18/01/2026
Um Àṣẹ do chão ao teto de um território sagrado,da frente ao fundo, são como alicerces de vida territorial
Àṣẹ fundamenta tanto o modo de ser da comunidade quanto a presença viva do território como lugar sagrado.
Do “chão” (lugar físico, cotidiano e ancestral) até o “teto” (significado cósmico, espiritual e de destino comum), àsè atua como fio condutor que:
🌿 liga indivíduos e coletivo;
🌿 articula terra e céu;
🌿 e sustenta vida, memória e futuro.
Marcar um odù como odù do Ẹgbẹ com àṣẹ constituído é, portanto, instalar um marco de vida — um momento em que o território se torna referência de identidade espiritual e projeto coletivo, com força vital ativa no presente e direcionando os próximos passos do povo e do lugar.
O significado espiritual do odù como marco, ocorre quando um odù é registrado como pertencente ao Ẹgbẹ e um Àṣẹ é constituído: sela-se um pacto espiritual e comunitário que ativa àṣẹ para o percurso coletivo.
O território da comunidade é afirmado como lugar de vida e tradição, não apenas como espaço geográfico, mas como vida espiritual e social.

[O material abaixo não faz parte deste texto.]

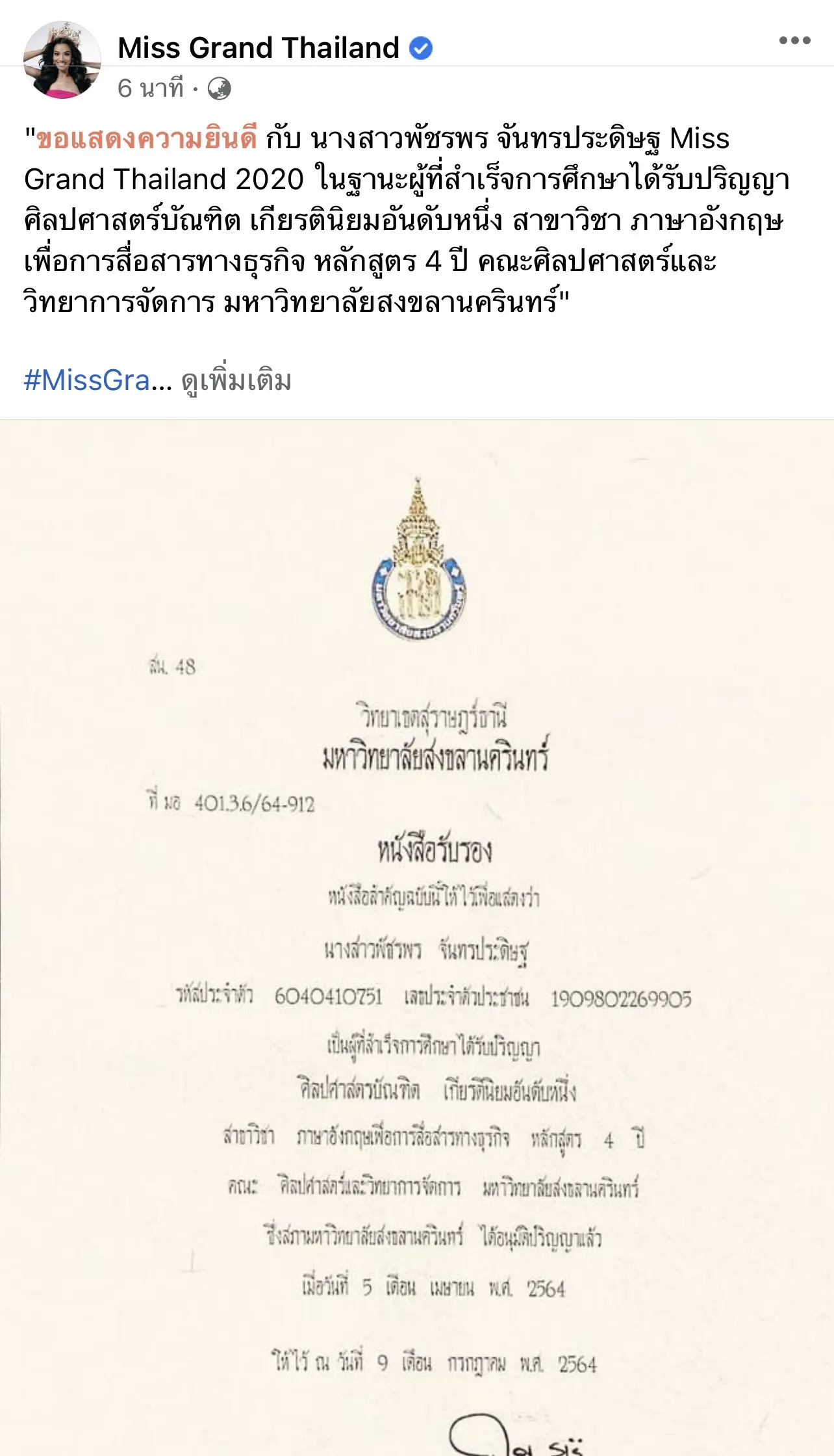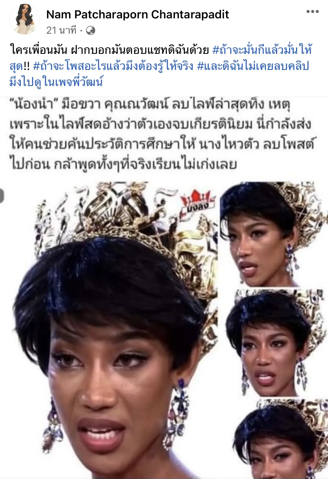 น้ำ พัชรพร เจ้าของตำแหน่งมิสแกรนด์ไทยแลนด์ 2020 ออกฟาดอีกหนึ่งแมต หลังเจอชาวเน็ตรายนึ่งโพสต์เรื่องการศึกษา เจ้าตัวลั่น รู้ไม่จริงอย่างพูด

A ideia de fundamentar “do chão ao teto” encontra respaldo direto na cosmologia yorùbá.
O chão (ilẹ̀) não é apenas suporte físico, mas entidade viva, associada a Ilẹ̀/Onílẹ̀, senhora da terra, da ética e da justiça. É no chão que se assentam os fundamentos, pois é ali que repousam os ancestrais e onde a vida se renova.
O teto, por sua vez, simboliza a abertura para o Òrun, a dimensão espiritual superior.
Assim, o espaço sagrado corretamente fundamentado articula verticalmente o cosmos, ligando terra, humanidade, ancestrais e divindades — uma lógica amplamente descrita por autores como Jacob Olupona (African Religions: A Very Short Introduction).
Fundamentar um espaço de Candomblé também é um ato político-cultural de afirmação territorial.
Na tradição yorùbá, território não é posse individual, mas lugar de pertencimento coletivo, onde se atualiza a memória ancestral e se garantem as condições de reprodução da vida material e espiritual. Muniz Sodré explica que o terreiro é um “território negro existencial”, onde se organiza uma outra racionalidade de mundo, distinta da lógica colonial (Terreiros e Quilombos).
Quem tem àṣẹ, tem postura.
Quem tem àṣẹ, tem propósito.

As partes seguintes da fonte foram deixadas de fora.